Task statement — Transcribe each record exactly as it appears.

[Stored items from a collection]
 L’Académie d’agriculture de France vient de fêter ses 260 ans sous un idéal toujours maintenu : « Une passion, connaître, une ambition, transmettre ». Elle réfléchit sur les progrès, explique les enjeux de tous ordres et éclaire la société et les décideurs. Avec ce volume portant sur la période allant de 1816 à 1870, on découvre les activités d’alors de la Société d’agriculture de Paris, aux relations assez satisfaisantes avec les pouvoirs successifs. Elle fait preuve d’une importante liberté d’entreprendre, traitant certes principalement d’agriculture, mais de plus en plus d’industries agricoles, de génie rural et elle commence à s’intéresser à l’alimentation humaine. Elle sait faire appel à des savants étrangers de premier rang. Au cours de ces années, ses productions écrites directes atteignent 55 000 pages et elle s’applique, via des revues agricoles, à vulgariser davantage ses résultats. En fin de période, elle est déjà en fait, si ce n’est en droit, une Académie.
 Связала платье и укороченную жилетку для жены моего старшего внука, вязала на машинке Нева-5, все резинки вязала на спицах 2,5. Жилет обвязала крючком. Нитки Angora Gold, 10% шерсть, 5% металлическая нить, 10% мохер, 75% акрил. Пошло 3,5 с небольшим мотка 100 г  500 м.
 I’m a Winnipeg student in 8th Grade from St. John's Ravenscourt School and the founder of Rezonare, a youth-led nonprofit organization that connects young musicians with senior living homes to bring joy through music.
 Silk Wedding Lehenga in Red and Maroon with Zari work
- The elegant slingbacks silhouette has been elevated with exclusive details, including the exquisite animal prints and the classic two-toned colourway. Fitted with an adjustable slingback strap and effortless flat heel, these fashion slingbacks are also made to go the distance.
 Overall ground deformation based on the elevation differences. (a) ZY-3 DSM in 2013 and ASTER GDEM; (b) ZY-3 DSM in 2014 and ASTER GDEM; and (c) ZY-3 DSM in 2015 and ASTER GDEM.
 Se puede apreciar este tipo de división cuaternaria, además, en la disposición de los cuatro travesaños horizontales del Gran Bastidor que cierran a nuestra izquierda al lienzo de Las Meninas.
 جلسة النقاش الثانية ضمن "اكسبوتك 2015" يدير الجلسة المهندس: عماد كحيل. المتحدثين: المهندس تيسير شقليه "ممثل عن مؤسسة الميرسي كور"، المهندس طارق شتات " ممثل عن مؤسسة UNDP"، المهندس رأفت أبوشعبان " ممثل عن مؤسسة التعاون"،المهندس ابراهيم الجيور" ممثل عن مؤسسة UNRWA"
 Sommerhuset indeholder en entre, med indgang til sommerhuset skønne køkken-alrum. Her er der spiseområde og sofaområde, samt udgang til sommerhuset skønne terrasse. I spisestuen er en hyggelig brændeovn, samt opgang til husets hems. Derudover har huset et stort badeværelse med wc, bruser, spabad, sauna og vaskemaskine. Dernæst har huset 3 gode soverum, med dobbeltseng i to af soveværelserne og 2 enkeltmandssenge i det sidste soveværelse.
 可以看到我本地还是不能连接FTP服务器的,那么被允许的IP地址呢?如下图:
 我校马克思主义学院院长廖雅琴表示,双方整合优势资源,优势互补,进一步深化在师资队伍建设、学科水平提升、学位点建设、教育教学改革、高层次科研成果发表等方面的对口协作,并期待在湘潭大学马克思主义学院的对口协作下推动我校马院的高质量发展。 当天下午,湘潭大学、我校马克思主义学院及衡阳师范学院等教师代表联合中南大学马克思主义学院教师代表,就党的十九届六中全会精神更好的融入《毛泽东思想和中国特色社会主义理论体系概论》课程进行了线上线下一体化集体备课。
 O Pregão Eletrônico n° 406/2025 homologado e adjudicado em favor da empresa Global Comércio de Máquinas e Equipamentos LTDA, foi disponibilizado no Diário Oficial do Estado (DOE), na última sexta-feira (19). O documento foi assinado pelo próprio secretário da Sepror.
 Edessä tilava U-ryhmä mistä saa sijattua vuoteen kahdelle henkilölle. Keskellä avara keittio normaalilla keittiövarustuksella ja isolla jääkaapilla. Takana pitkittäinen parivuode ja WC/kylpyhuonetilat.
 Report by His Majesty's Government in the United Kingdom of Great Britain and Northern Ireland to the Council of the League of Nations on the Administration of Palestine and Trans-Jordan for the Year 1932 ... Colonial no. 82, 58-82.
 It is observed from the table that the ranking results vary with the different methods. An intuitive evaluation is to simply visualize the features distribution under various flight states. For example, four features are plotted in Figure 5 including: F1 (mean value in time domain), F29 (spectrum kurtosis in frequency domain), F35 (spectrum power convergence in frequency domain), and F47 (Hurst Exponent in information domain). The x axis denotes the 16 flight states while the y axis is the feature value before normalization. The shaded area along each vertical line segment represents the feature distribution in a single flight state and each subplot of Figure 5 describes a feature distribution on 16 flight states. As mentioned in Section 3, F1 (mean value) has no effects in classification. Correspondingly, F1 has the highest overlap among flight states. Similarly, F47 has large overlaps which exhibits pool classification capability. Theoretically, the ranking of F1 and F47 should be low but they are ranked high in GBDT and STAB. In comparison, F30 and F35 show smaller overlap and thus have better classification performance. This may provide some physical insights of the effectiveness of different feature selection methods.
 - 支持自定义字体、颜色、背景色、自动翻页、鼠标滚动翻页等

Written answer —
 L’Académie d’agriculture de France vient de fêter ses 260 ans sous un idéal toujours maintenu : « Une passion, connaître, une ambition, transmettre ». Elle réfléchit sur les progrès, explique les enjeux de tous ordres et éclaire la société et les décideurs. Avec ce volume portant sur la période allant de 1816 à 1870, on découvre les activités d’alors de la Société d’agriculture de Paris, aux relations assez satisfaisantes avec les pouvoirs successifs. Elle fait preuve d’une importante liberté d’entreprendre, traitant certes principalement d’agriculture, mais de plus en plus d’industries agricoles, de génie rural et elle commence à s’intéresser à l’alimentation humaine. Elle sait faire appel à des savants étrangers de premier rang. Au cours de ces années, ses productions écrites directes atteignent 55 000 pages et elle s’applique, via des revues agricoles, à vulgariser davantage ses résultats. En fin de période, elle est déjà en fait, si ce n’est en droit, une Académie.
 Связала платье и укороченную жилетку для жены моего старшего внука, вязала на машинке Нева-5, все резинки вязала на спицах 2,5. Жилет обвязала крючком. Нитки Angora Gold, 10% шерсть, 5% металлическая нить, 10% мохер, 75% акрил. Пошло 3,5 с небольшим мотка 100 г  500 м.
 I’m a Winnipeg student in 8th Grade from St. John's Ravenscourt School and the founder of Rezonare, a youth-led nonprofit organization that connects young musicians with senior living homes to bring joy through music.
 Silk Wedding Lehenga in Red and Maroon with Zari work
- The elegant slingbacks silhouette has been elevated with exclusive details, including the exquisite animal prints and the classic two-toned colourway. Fitted with an adjustable slingback strap and effortless flat heel, these fashion slingbacks are also made to go the distance.
 Overall ground deformation based on the elevation differences. (a) ZY-3 DSM in 2013 and ASTER GDEM; (b) ZY-3 DSM in 2014 and ASTER GDEM; and (c) ZY-3 DSM in 2015 and ASTER GDEM.
 Se puede apreciar este tipo de división cuaternaria, además, en la disposición de los cuatro travesaños horizontales del Gran Bastidor que cierran a nuestra izquierda al lienzo de Las Meninas.
 جلسة النقاش الثانية ضمن "اكسبوتك 2015" يدير الجلسة المهندس: عماد كحيل. المتحدثين: المهندس تيسير شقليه "ممثل عن مؤسسة الميرسي كور"، المهندس طارق شتات " ممثل عن مؤسسة UNDP"، المهندس رأفت أبوشعبان " ممثل عن مؤسسة التعاون"،المهندس ابراهيم الجيور" ممثل عن مؤسسة UNRWA"
 Sommerhuset indeholder en entre, med indgang til sommerhuset skønne køkken-alrum. Her er der spiseområde og sofaområde, samt udgang til sommerhuset skønne terrasse. I spisestuen er en hyggelig brændeovn, samt opgang til husets hems. Derudover har huset et stort badeværelse med wc, bruser, spabad, sauna og vaskemaskine. Dernæst har huset 3 gode soverum, med dobbeltseng i to af soveværelserne og 2 enkeltmandssenge i det sidste soveværelse.
 可以看到我本地还是不能连接FTP服务器的,那么被允许的IP地址呢?如下图:
 我校马克思主义学院院长廖雅琴表示,双方整合优势资源,优势互补,进一步深化在师资队伍建设、学科水平提升、学位点建设、教育教学改革、高层次科研成果发表等方面的对口协作,并期待在湘潭大学马克思主义学院的对口协作下推动我校马院的高质量发展。 当天下午,湘潭大学、我校马克思主义学院及衡阳师范学院等教师代表联合中南大学马克思主义学院教师代表,就党的十九届六中全会精神更好的融入《毛泽东思想和中国特色社会主义理论体系概论》课程进行了线上线下一体化集体备课。
 O Pregão Eletrônico n° 406/2025 homologado e adjudicado em favor da empresa Global Comércio de Máquinas e Equipamentos LTDA, foi disponibilizado no Diário Oficial do Estado (DOE), na última sexta-feira (19). O documento foi assinado pelo próprio secretário da Sepror.
 Edessä tilava U-ryhmä mistä saa sijattua vuoteen kahdelle henkilölle. Keskellä avara keittio normaalilla keittiövarustuksella ja isolla jääkaapilla. Takana pitkittäinen parivuode ja WC/kylpyhuonetilat.
 Report by His Majesty's Government in the United Kingdom of Great Britain and Northern Ireland to the Council of the League of Nations on the Administration of Palestine and Trans-Jordan for the Year 1932 ... Colonial no. 82, 58-82.
 It is observed from the table that the ranking results vary with the different methods. An intuitive evaluation is to simply visualize the features distribution under various flight states. For example, four features are plotted in Figure 5 including: F1 (mean value in time domain), F29 (spectrum kurtosis in frequency domain), F35 (spectrum power convergence in frequency domain), and F47 (Hurst Exponent in information domain). The x axis denotes the 16 flight states while the y axis is the feature value before normalization. The shaded area along each vertical line segment represents the feature distribution in a single flight state and each subplot of Figure 5 describes a feature distribution on 16 flight states. As mentioned in Section 3, F1 (mean value) has no effects in classification. Correspondingly, F1 has the highest overlap among flight states. Similarly, F47 has large overlaps which exhibits pool classification capability. Theoretically, the ranking of F1 and F47 should be low but they are ranked high in GBDT and STAB. In comparison, F30 and F35 show smaller overlap and thus have better classification performance. This may provide some physical insights of the effectiveness of different feature selection methods.
 - 支持自定义字体、颜色、背景色、自动翻页、鼠标滚动翻页等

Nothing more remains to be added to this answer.